Two charges, one with [tex]+7.0 \mu C[/tex] and the other with [tex]-4.5 \mu C[/tex], are separated by a distance of [tex]50 \, \text{cm}[/tex].

1. Are they attracting or repelling?
2. What is the magnitude and direction of the force on the [tex]+7.0 \mu C[/tex] charge?



Answer :

To solve this problem, let's start by understanding the concept and using Coulomb's Law.

### Step-by-Step Solution:

1. Identify the charges and their values:
- Charge \( q_1 = 7.0 \mu C \) (microcoulombs).
- Charge \( q_2 = -4.5 \mu C \) (microcoulombs).

2. Convert the charges to Coulombs:
- \( q_1 = 7.0 \times 10^{-6} \) C.
- \( q_2 = -4.5 \times 10^{-6} \) C.

3. Determine the distance between the charges:
- The distance is given as \( 50 \) cm.
- Convert the distance to meters (since SI units should be used):
[tex]\[ r = \frac{50}{100} = 0.50 \text{ meters} \][/tex]

4. Coulomb's constant (\( k \)):
- Coulomb's constant \( k = 8.99 \times 10^9 \, \text{N m}^2/\text{C}^2 \).

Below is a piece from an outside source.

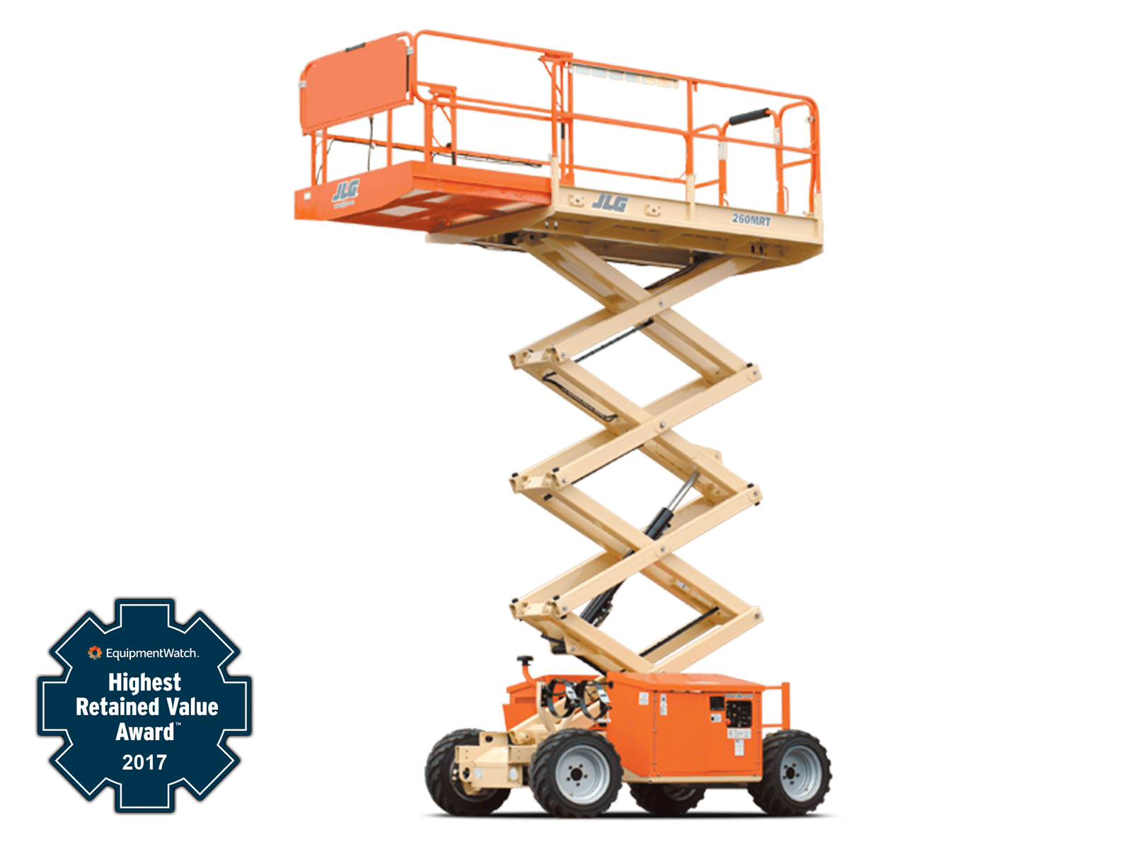 The JLG 260MRT Engine Powered Scissor Lift has a narrow 69 in chassis that fits into spaces other scissor lifts can’t. It also has a large work platform and 1,250 lb platform capacity so you can be more productive. Standard four wheel drive and 35 percent gradeability keep you going.

5. Apply Coulomb's Law to find the magnitude of the force:
- Coulomb's Law formula:
[tex]\[ F = k \frac{|q_1 \cdot q_2|}{r^2} \][/tex]
- Substitute the known values:
[tex]\[ F = 8.99 \times 10^9 \, \frac{7.0 \times 10^{-6} \times 4.5 \times 10^{-6}}{(0.50)^2} \][/tex]
- Doing the necessary calculations, we will get:
[tex]\[ F \approx 1.13274 \text{ N} \][/tex]

So, the magnitude of the force is approximately \( 1.13274 \) Newtons.

6. Determine whether the force is attractive or repulsive:
- Since one charge is positive (\( q_1 = +7.0 \mu C \)) and one charge is negative (\( q_2 = -4.5 \mu C \)), the force between them is attractive. Opposite charges attract each other.

### Final Answer:
- Magnitude of the force: Approximately \( 1.13274 \) Newtons.
- Direction of the force: The force is attractive, meaning the charges are pulling towards each other.

Therefore, the [tex]\( +7.0 \mu C \)[/tex] charge experiences an attractive force of approximately [tex]\( 1.13274 \)[/tex] N towards the [tex]\( -4.5 \mu C \)[/tex] charge.